The symbolism of the three veterans standing up in a meeting room of 53 players, the motivational clips from "Patton," "Braveheart" and "Goodfellas" spliced into game film and the life talks over dinner have all endeared Cable to his players and made them believe he is the coach to lead the Raiders back to the playoffs.

"A lot of times teams reflect their coaches," Walker said. "And this team is starting to reflect Coach Cable.''

Believing in each other

[+] EnlargeRichard Seymour
AP Photo/Paul SakumaRichard Seymour has been a positive influence for the Raiders.

When the Dallas Cowboys traded for Charles Haley in 1991, taking the disgruntled pass rusher from the San Francisco 49ers, Al Davis called Cowboys owner Jerry Jones.

"Congratulations Jerry, you just won the Super Bowl," Davis said.

Haley was a back-to-back Super Bowl champion heading to the youngest team in the NFL. He was the final piece to a Cowboys team that won three Super Bowls in four years.

No one called Davis last year when the Raiders traded their 2011 first-round draft pick to the New England Patriots for Richard Seymour, a three-time Super Bowl winning pass rusher. Sure, Davis and the Raiders were called many things after the trade, but none of them were of the congratulatory variety. Yet no move, outside of the release of former No. 1 pick JaMarcus Russell in May, has paid bigger dividends on the field and in the locker room.

Seymour, who has five sacks and 39 tackles this season, became the most respected player on the team and raised the expectations of everyone around him. He gathered his teammates when they were down 10-0 to the Chiefs two weeks ago and reminded them that they would be defined by moments like this. Would they be known as fighters or quitters when they were faced with adversity? It was the kind of moment and the kind of speech the Raiders weren't used to and the result -- an interception on the ensuing drive and a 23-20 win -- is something the Raiders are still getting used to.

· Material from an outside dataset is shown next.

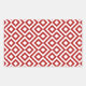 This stylish red and white geometric pattern is an original ornamental design. White meanders angle around red diamonds containing white diamonds. Red zigzags provide subtle separation between the winding paths.

"Coming in I didn't have any expectations," Seymour said. "It was a new situation. I was feeling my way around, just taking the time to know my teammates, the coaching staff and the philosophy, and working my way to where I could be effective. & But the best teams in the league can win in November and December. That's when teams separate themselves.''

It's the kind of mindset and philosophy only a player like Seymour can bring to a team that started the season 2-4 for the eighth straight time. The past seven seasons resulted in at least 11 losses. This time around the Raiders won three straight games for the first time and find themselves atop the AFC West.

Cable and the players in the Raiders' locker room say they never felt they were heading toward a familiar free fall this season. There was a different feeling in training camp that extended into the season. They were in all but one game they played and felt they were a play or two away from being atop the division a couple weeks earlier. Instead of pointing fingers after games, the Raiders worked with each other in practice and in the film room to correct their mistakes. The rebuilding project has been as much about getting back to fundamentals as anything else.

"When they started to buy into communicating with each other in the very beginning it seemed to permeate and go all through camp," Cable said. "We had learned to appreciate each other and respect each other's opinion. That's hard to do sometimes at this level. "But when you get them willing to talk to each other and learn about each other, it kind of makes you understand where a guy's coming from sometimes. Once we started communicating then we gave ourselves a chance."

The Raiders have given themselves a chance to win the AFC West and get back to the playoffs for the first time in eight years. It's a sight almost as unbelievable as a sold out Oakland-Alameda County Coliseum on a Sunday afternoon.